What is required: Every line below from the one containing "Descubre la Cocina" through the one containing "腕時計 メンズ スイス" is to be printed exactly, with the pictures omitted.

** Source data follows **

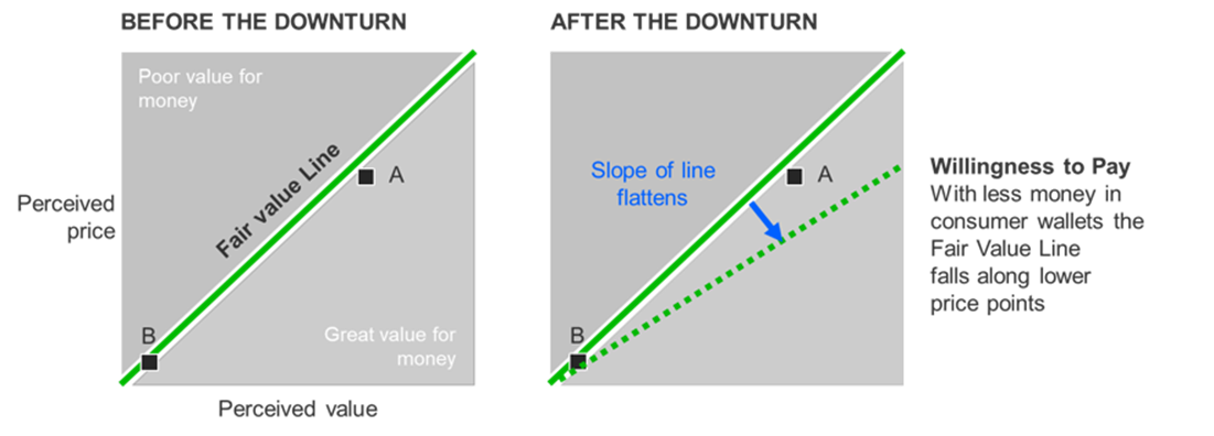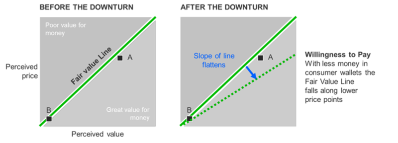 一个学习的好地方是收紧钱包的GFC。在2009年,麦肯锡观察到,随着消费者支付意愿的下降(出于必要),品牌无意中发现自己处于新的情况。品牌B发现,人们开始按他们的报价进行交易(通常情况下,人们会发现它的表现还不错),而品牌A则被困在公允价值线的错误一侧,处于股价下跌的位置。品牌A的选择变成了降低价格(迁往南方)或提高价值感知(迁往东方)。了解你的品牌有多么有意义的不同(它的无形价值),以及是什么推动着你驾驭这些场景。
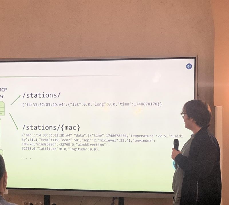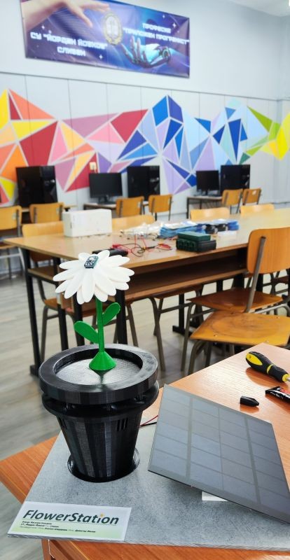 Атанас впечатли журито и публиката с високотехнологичния си проект „FlowerStation“ – иновативна, захранвана от слънчева енергия метеорологична станция, изградена с помощта на микроконтролери, специализирани сензори и 3D принтирани компоненти. Устройството измерва температура, влажност, UV индекс, качество на въздуха, шум, сила и посока на вятъра, а събраните данни се предават в реално време към сървър, визуализират се чрез уеб интерфейс и се съхраняват в база данни. Това позволява не само моментно проследяване, но и последващ анализ, сравнение във времето и извличане на по-задълбочени изводи за състоянието на околната среда. Освен това станцията разполага с GPS модул, който определя точните ѝ координати на картата и дава възможност на уеб платформата да сравнява резултатите от различни станции. Така се изгражда цяла мрежа от енергийно независими станции, които работят съвместно за събиране и анализ на екологични данни в различни райони.
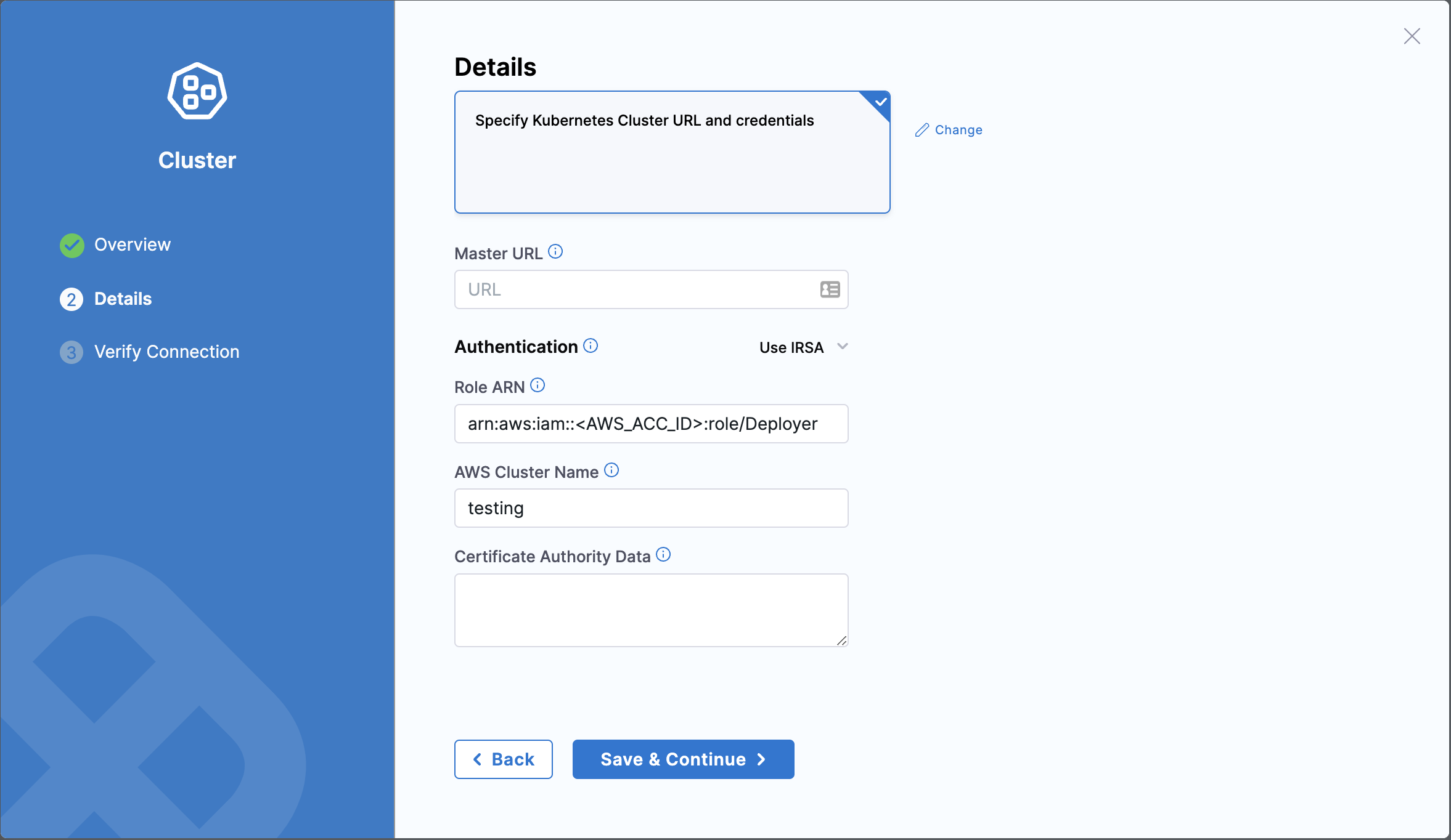 • Certificate Authority Data: Enter the corresponding public certificate of the Kubernetes API.
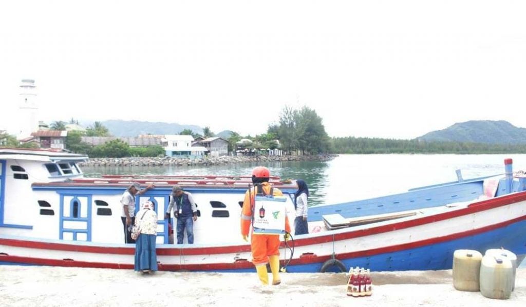 Dompet Dhuafa Aceh melalui posko Covid-19 yang didirikan di Pulau Nasi mengadakan progam Cekal (Cegah Tangkal) Covid-19. Salah satu yang dilakukan yaitu dengan penyemprotan kapal nelayan dengan cairan desinfektan, Sabtu, (11/04/2020)
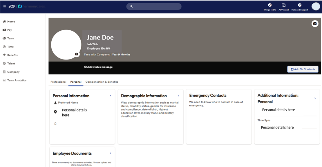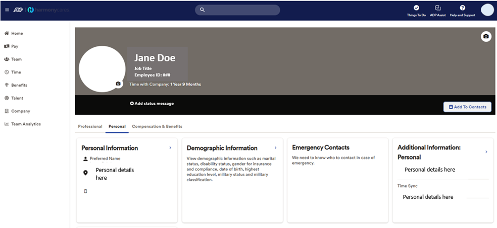 This guide outlines step action to update personal profile information in MyADP, from an Employee perspective.
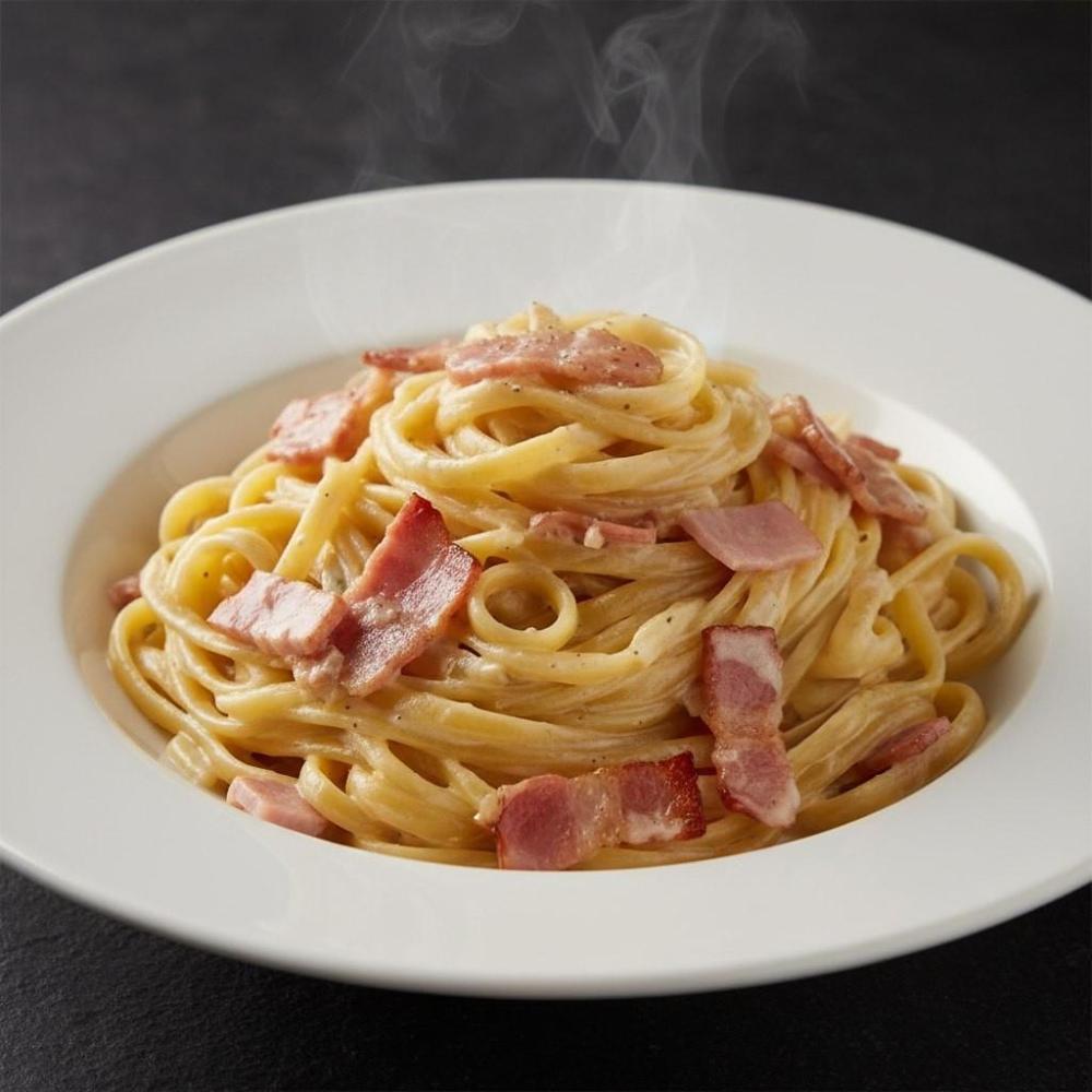 Макароны фетучини, бекон, ветчина, сливки, чеснок, сыр
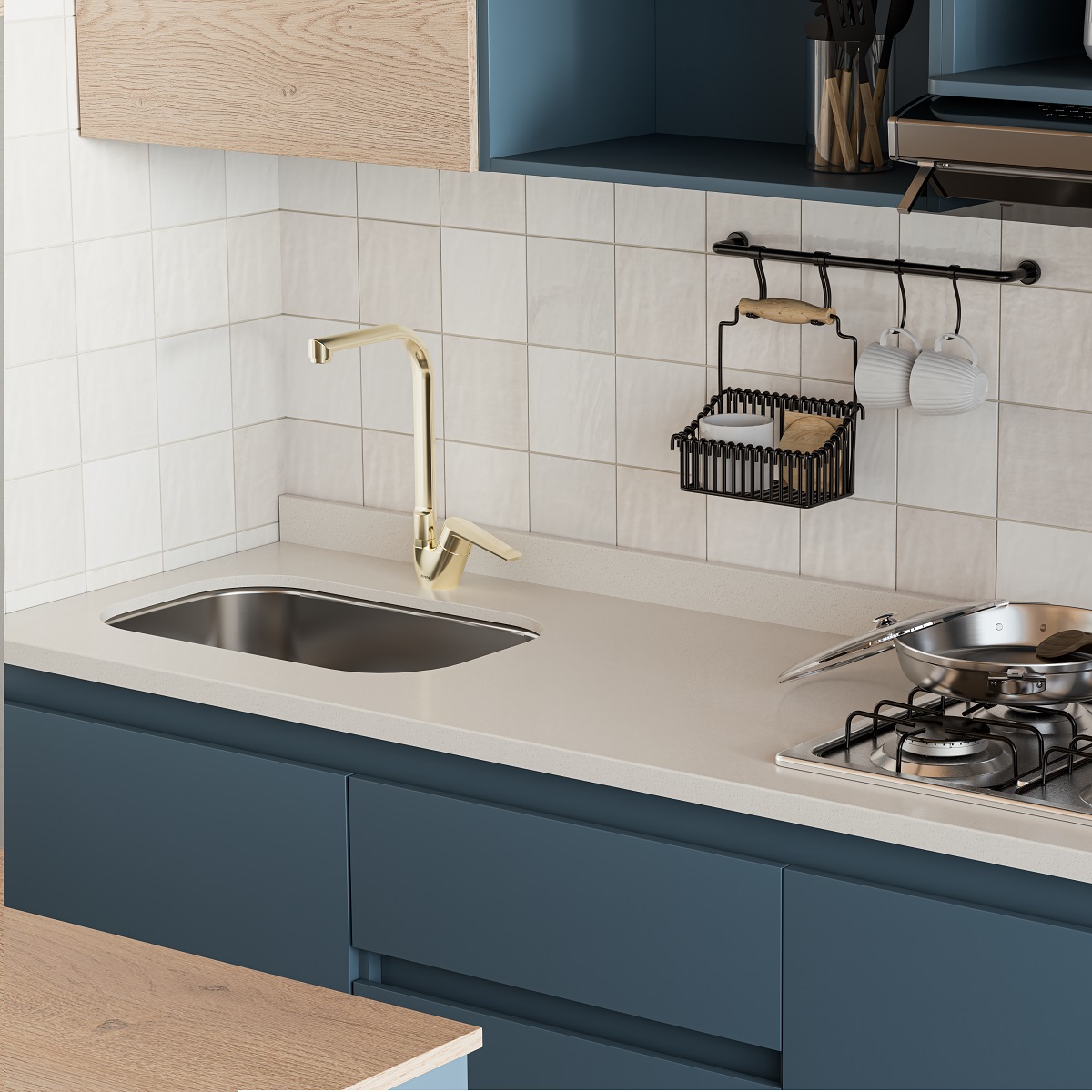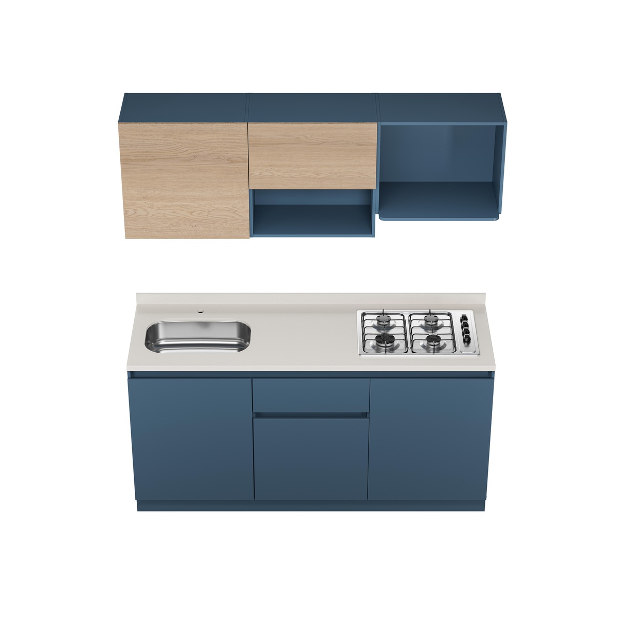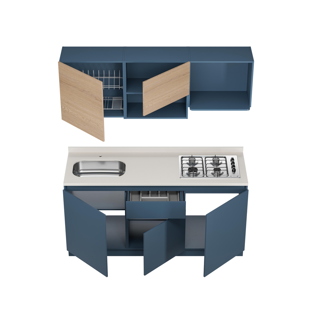 Descubre la Cocina Provenza Plus que combina a la perfección estilo y funcionalidad. Con un diseño contemporáneo en azul y madera clara, este conjunto incluye gabinetes superiores e inferiores, una encimera blanca con estufa a gas de cuatro quemadores y un fregadero integrado. Ideal para cualquier cocina moderna, este conjunto no solo optimiza el espacio, sino que también añade un toque de elegancia. ¡Renueva tu cocina y disfruta de un espacio único y funcional!
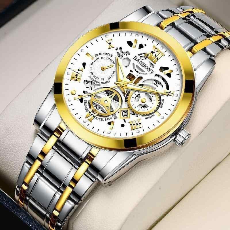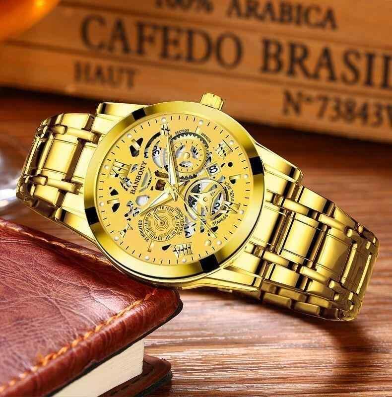 腕時計 メンズ スイス 自動巻きムーブメント 日付曜日表示 夜光 防水 スタイリッシュ 高級感 ステンレスベルト ラウンドフェイス イエロー文字盤 ビジネス カジュアル
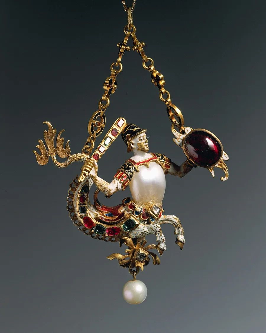 Золотая подвеска с эмалью, украшенная жемчугом, бриллиантами, гранатами и рубинами, изображающая тритона, 1580-1590 гг. (DEA / A. DAGLI ORTI/De Agostini via Getty Images):
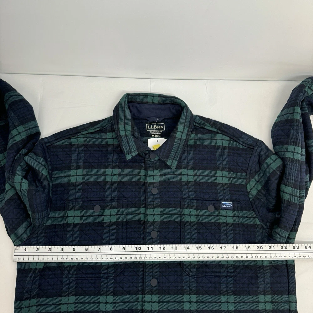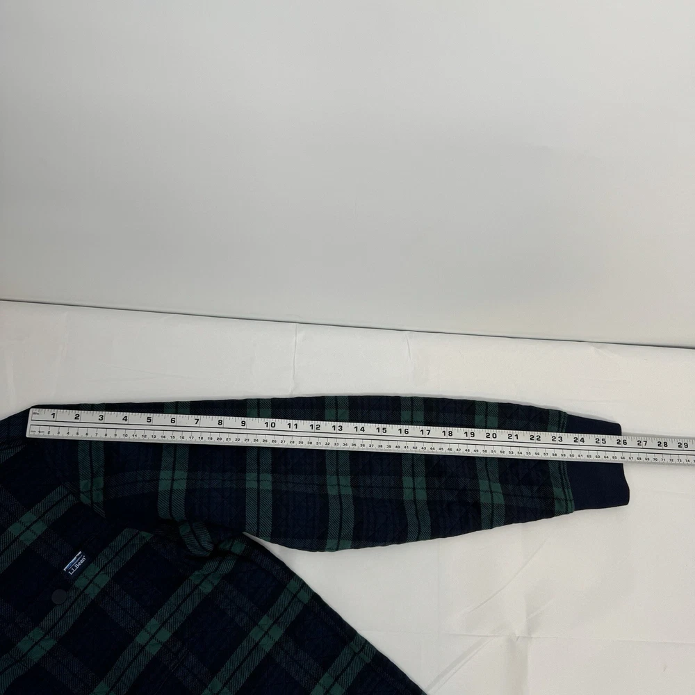 NWTD L.L. Bean Men's Quilted Sweatshirts Snap Overshirt Size M New with Defect Measurement laying flat +-0.5” Pit to pit is 23” Length is 30” Please see the measurements There is small repair please see the last photo

** End of Source data **

Final answer:
 Descubre la Cocina Provenza Plus que combina a la perfección estilo y funcionalidad. Con un diseño contemporáneo en azul y madera clara, este conjunto incluye gabinetes superiores e inferiores, una encimera blanca con estufa a gas de cuatro quemadores y un fregadero integrado. Ideal para cualquier cocina moderna, este conjunto no solo optimiza el espacio, sino que también añade un toque de elegancia. ¡Renueva tu cocina y disfruta de un espacio único y funcional!
 腕時計 メンズ スイス 自動巻きムーブメント 日付曜日表示 夜光 防水 スタイリッシュ 高級感 ステンレスベルト ラウンドフェイス イエロー文字盤 ビジネス カジュアル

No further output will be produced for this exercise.